Input data →
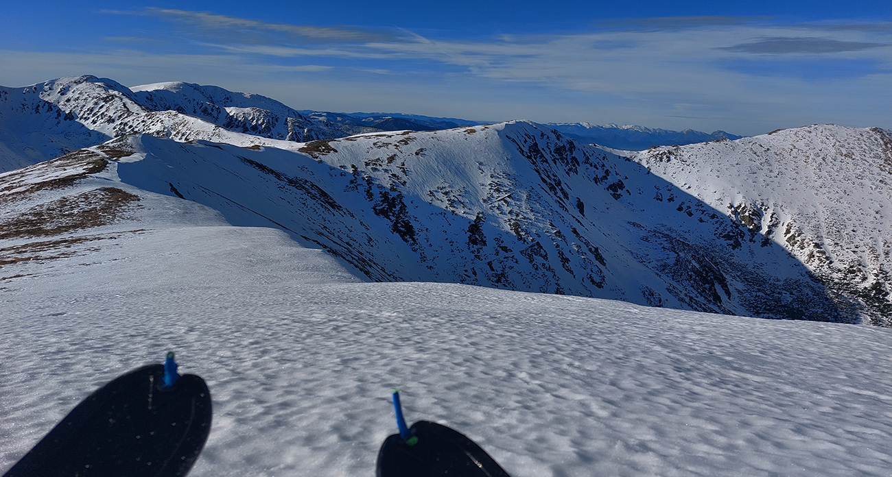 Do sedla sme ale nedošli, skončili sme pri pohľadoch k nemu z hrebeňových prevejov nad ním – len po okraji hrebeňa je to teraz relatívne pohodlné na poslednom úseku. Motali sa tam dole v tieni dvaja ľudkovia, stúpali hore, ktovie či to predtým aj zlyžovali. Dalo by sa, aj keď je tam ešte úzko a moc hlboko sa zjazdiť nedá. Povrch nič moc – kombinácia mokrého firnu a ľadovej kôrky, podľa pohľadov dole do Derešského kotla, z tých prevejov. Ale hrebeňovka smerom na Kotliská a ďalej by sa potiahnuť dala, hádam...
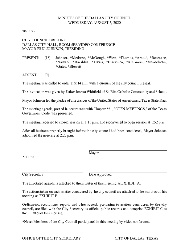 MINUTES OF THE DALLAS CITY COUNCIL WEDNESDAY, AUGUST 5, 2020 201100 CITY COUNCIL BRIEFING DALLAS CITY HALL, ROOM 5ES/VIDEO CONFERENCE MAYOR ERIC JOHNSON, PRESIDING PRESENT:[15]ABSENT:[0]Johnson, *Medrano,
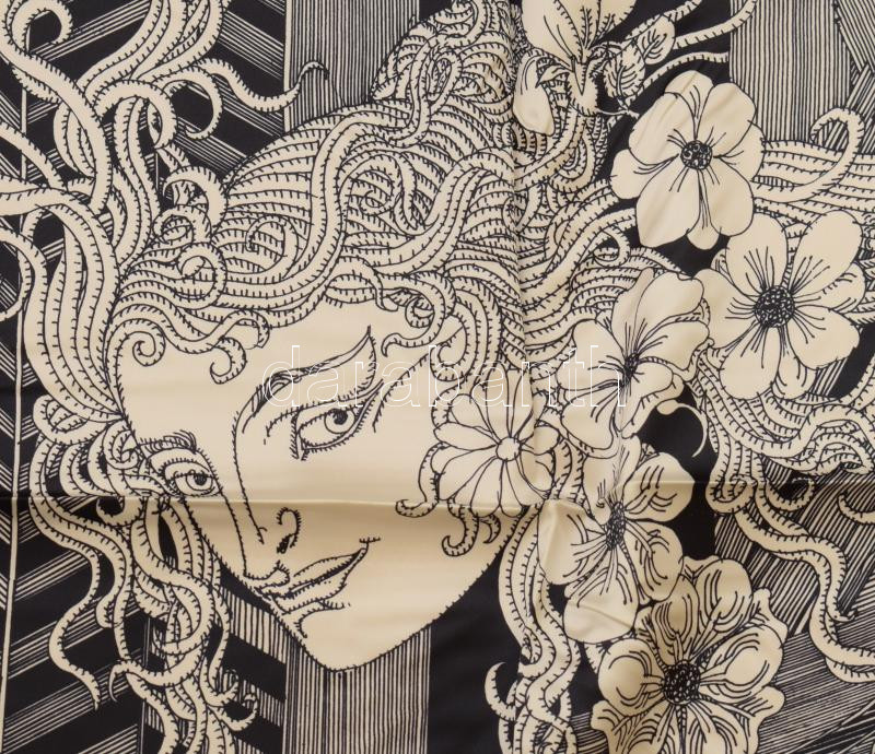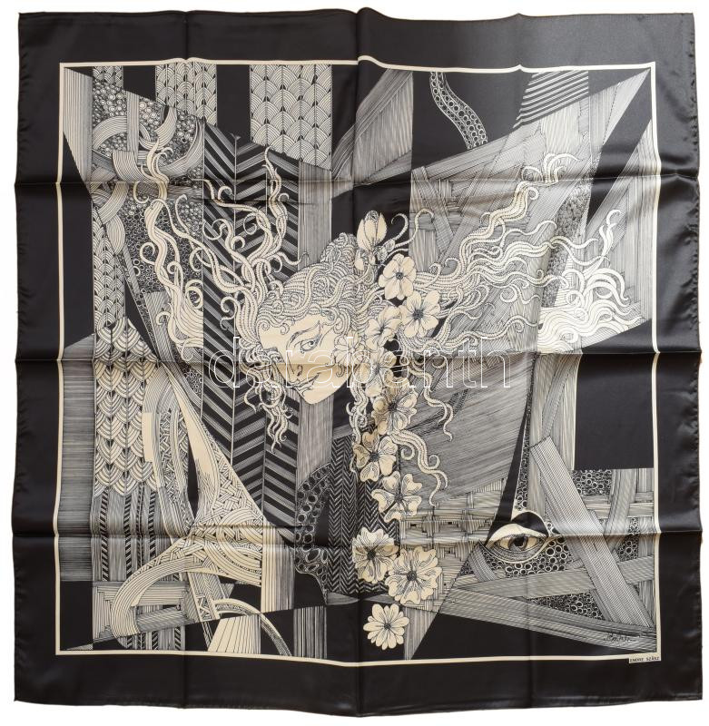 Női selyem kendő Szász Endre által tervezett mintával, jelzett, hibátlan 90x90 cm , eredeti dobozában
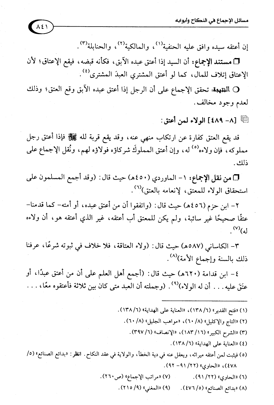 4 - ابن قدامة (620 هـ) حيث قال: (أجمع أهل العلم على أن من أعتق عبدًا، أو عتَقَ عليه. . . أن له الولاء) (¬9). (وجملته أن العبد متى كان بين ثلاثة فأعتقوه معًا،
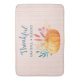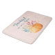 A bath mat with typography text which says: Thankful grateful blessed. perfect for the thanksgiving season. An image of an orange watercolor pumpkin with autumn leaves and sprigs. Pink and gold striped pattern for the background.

...

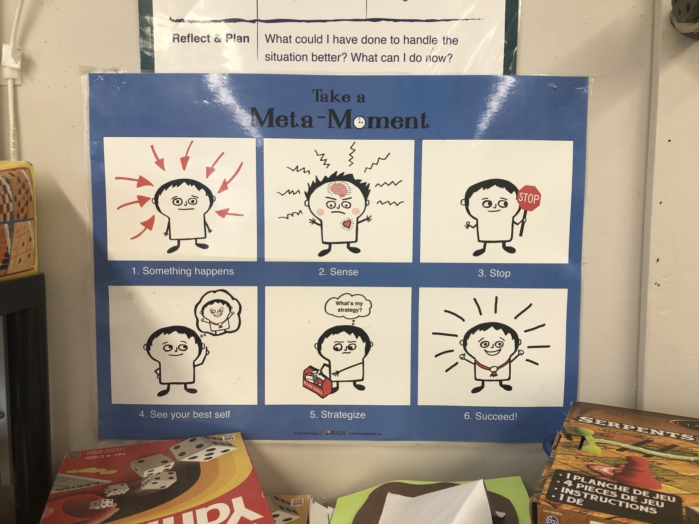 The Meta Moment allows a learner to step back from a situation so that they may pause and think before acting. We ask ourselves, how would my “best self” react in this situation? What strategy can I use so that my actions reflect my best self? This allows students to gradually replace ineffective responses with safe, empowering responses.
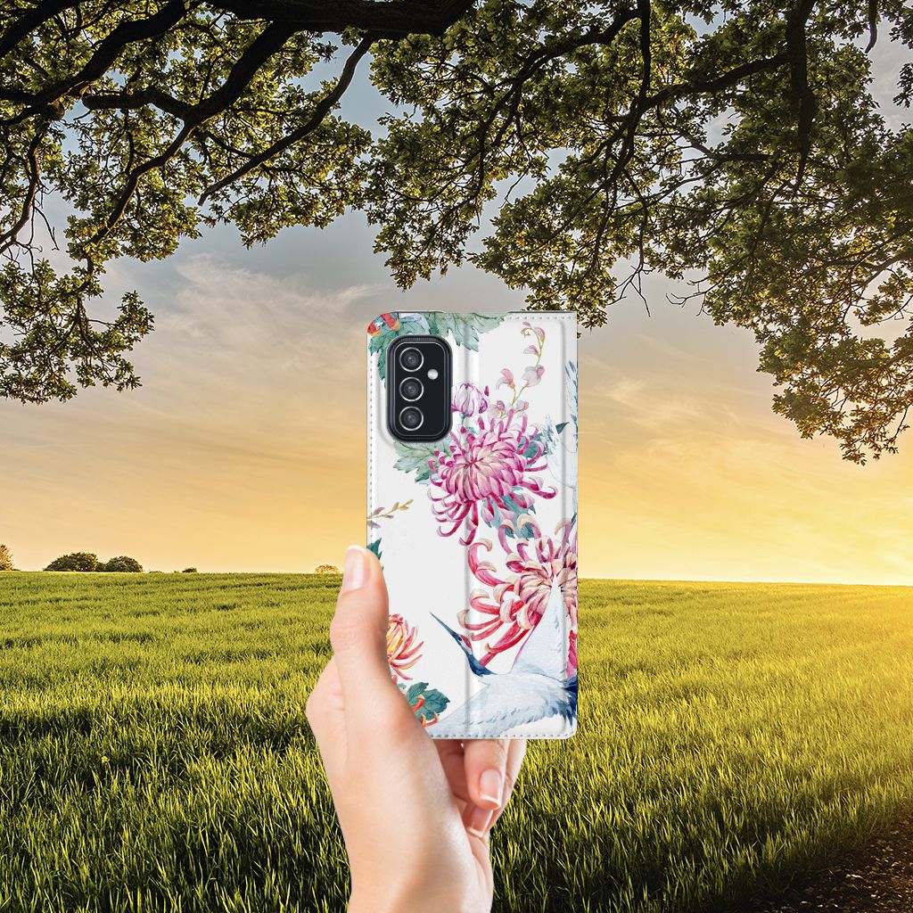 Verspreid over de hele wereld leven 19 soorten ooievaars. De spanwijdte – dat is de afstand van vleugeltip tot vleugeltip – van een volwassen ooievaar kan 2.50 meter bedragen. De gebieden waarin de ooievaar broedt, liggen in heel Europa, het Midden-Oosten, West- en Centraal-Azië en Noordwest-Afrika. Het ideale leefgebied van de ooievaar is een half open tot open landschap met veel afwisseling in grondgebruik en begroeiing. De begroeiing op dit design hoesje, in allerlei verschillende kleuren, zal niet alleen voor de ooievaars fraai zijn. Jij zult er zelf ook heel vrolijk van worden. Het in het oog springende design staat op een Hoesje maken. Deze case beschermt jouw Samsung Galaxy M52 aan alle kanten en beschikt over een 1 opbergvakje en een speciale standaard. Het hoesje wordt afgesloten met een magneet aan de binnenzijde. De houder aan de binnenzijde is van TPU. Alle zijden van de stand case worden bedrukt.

---

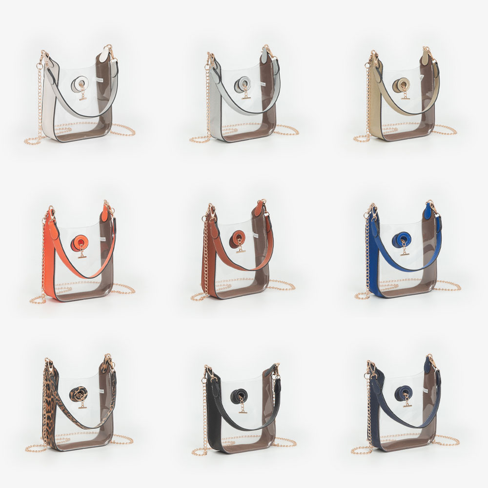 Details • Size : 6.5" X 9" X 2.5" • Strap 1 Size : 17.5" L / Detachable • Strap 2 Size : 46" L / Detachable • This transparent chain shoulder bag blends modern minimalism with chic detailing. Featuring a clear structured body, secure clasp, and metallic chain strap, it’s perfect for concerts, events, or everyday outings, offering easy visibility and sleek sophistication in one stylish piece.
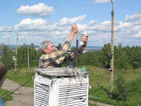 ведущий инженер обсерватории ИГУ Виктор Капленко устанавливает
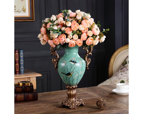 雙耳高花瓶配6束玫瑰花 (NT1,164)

Problem requirements →
Above are records; write out the lines from the one with "4 - ابن قدامة" down to the one with "A bath mat with", exactly, leaving the pictures out.

Task solution →
 4 - ابن قدامة (620 هـ) حيث قال: (أجمع أهل العلم على أن من أعتق عبدًا، أو عتَقَ عليه. . . أن له الولاء) (¬9). (وجملته أن العبد متى كان بين ثلاثة فأعتقوه معًا،
 A bath mat with typography text which says: Thankful grateful blessed. perfect for the thanksgiving season. An image of an orange watercolor pumpkin with autumn leaves and sprigs. Pink and gold striped pattern for the background.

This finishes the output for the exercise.